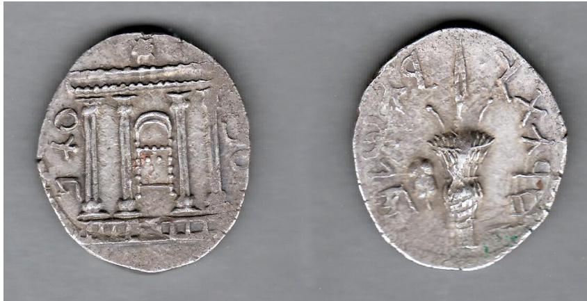
Timbur (silver pieces)
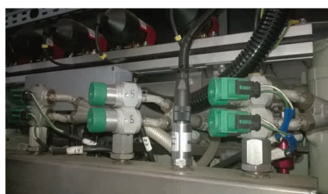
Fig. 3. Post-process gas fuel supply system of 12-cylinder engine

Original spark plugs, recommended by MAN during natural gas supply, were replaced by spark plugs where the spark channel of spark plug was more put out into the combustion chamber. This change has been made on the basis of experimental research and has resulted in a significant improvement of ignition initiation of fuel mixtures. This change was especially important when the engine was powered with a very lean air-gas mixture.

PROBLEM:
The response is to contain exactly the lines from the beginning of the data through the line containing "Fig. 3. Post-process", both ends included, and nothing else; omit the pictures.

ANSWER SPACE:
Timbur (silver pieces)
Fig. 3. Post-process gas fuel supply system of 12-cylinder engine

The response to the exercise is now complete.